We conducted a post-workshop survey among participants of the first two instances of the workshop conducted for the CRC 1451 early career researchers. Most participants were PhD students (who received course credit for workshop participation), and the workshops were conducted online. The workshop received high overall ratings, with participants stating that they are likely to recommend it to their colleagues; ratings of learning pace and applicability to participants’ work were mixed (Fig. 2). Given that the CRC 1451 project combines clinical, preclinical, and computational neuroscience, we see these responses as indicative of the diversity of backgrounds that PhD students in neuroscience have, as well as of a varying degree to which formal RDM is an already established practice across research fields. One recurring suggestion for improvement was to include more examples of real-world applications.
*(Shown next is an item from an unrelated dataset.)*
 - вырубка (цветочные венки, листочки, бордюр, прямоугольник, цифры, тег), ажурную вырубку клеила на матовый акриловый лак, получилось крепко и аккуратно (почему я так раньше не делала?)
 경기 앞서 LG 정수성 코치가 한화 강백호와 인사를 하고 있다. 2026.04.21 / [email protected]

This highlights that although a course dedicated to software basics is a good start, transferring the knowledge to specific applications is the real challenge, which can be made easier with existing written documentation.

Knowledge Base

In the span of ten months we accumulated 29 knowledge base items of various length. The knowledge base has been useful in answering recurring questions, or communicating recommended workflows. Beyond this, it was also a valuable method to keep the official handbook and course material lean, as it provided a home to more temporary or niche use cases.

Lessons Learned

In the previous sections we described the design considerations and their practical applications for the documentation and education aspect of the DataLad project. In our opinion, creating and maintaining this growing collection of materials was a worthwhile investment, which helped users to apply the software and developers to improve it. The open source, flexible approach to creating educational content was particularly valuable for its maintainability, adaptability, and applicability to various research contexts. In this closing section we want to share our comments – lessons learned in the process – on various related aspects.
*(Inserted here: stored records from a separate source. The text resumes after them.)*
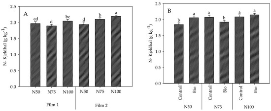 Interaction Cover film × Nitrogen dose (A) and of Nitrogen dose × Biostimulant application (B) on N-Kjeldhal content in fruits of cherry tomato grown in tunnel in spring–summer period. Mean value ± Standard error (n = 3). Different letters indicate significant differences.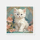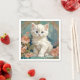 Napkins apresentando um gato branco no estilo de Alphonse Mucha! Este gatinho liso e de olhos azuis posou com flores cor-de-rosa e cobertores azuis. Um presente fabuloso para amantes de gatos e colecionadores de Art Nouveau!
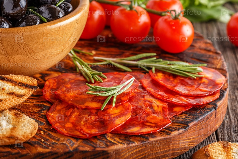 Испанская традиционная колбаса чоризо со свежими травами, оливками,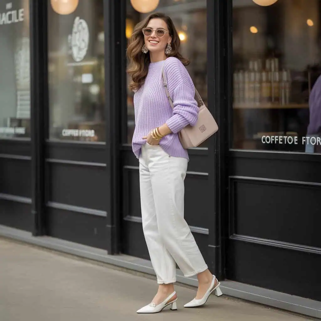 A midi skirt paired with a soft sweater creates a beautifully balanced silhouette that’s both romantic and effortlessly chic. The flowing nature of the skirt adds movement and grace, making it perfect for day-to-night occasions. Tucking the cozy oatmeal-beige sweater into the waistband not only defines the waist but also creates a polished look while maintaining supreme comfort. Sleek white sneakers keep the outfit grounded and approachable, marrying comfort with style flawlessly. By adding chunky gold hoop earrings and delicate bracelets, the outfit gains a touch of playful elegance, demonstrating how smart accessorizing can elevate even the simplest of outfits into something truly stunning.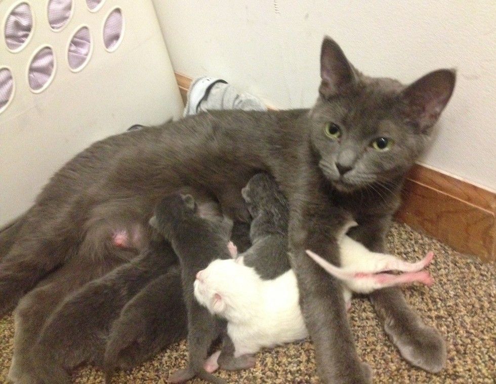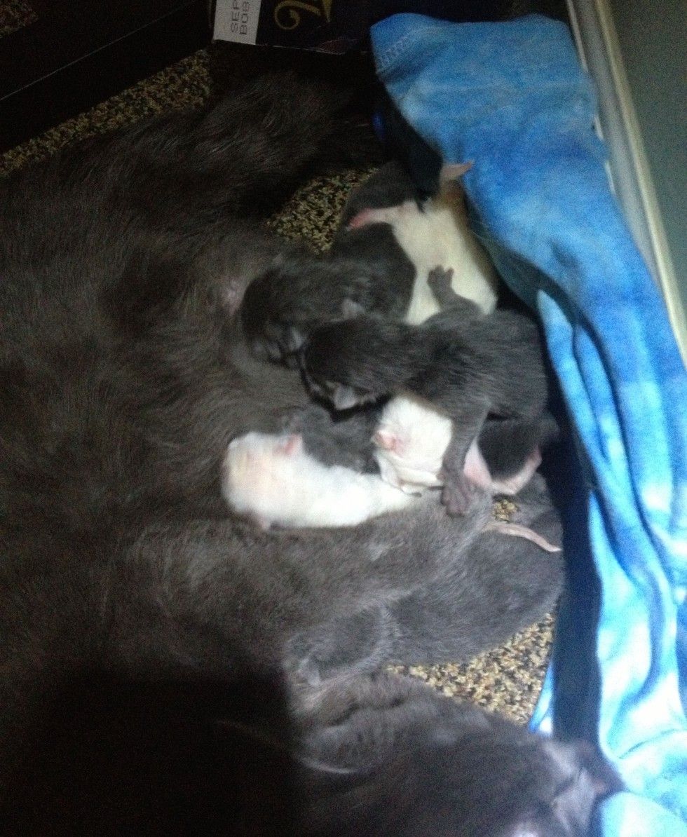 He decided to take the kitty to the vet when he found someone to adopt her, only to find out that she had several adorable little 'nuggets' inside her belly. "I decided I would help her out and let her live rent free in my house, and on Tuesday she did the thing!"

Customization vs Complexity

Our technical choices for the Handbook had to be weighed against non-technical features. Compared to other handbook projects such as the Turing Way project (The Turing Way Community, 2022), sources based on reStructuredText and Sphinx, as well as the many custom admonitions, constitute a higher barrier to entry for contributors. The Turing Way community, for example, explicitly chose Markdown-based Jupyter Book tooling to ease contributing for technical novices. Indeed, Handbook maintainers regularly have to assist new contributors with technical details, and complex technical contributions almost always come from the core contributor team. Nevertheless, in our case - especially with the requirements for multiple formats, integration tests, and reuse in print editions - the customization opportunities of Sphinx made up for slightly higher complexity than alternative documentation frameworks.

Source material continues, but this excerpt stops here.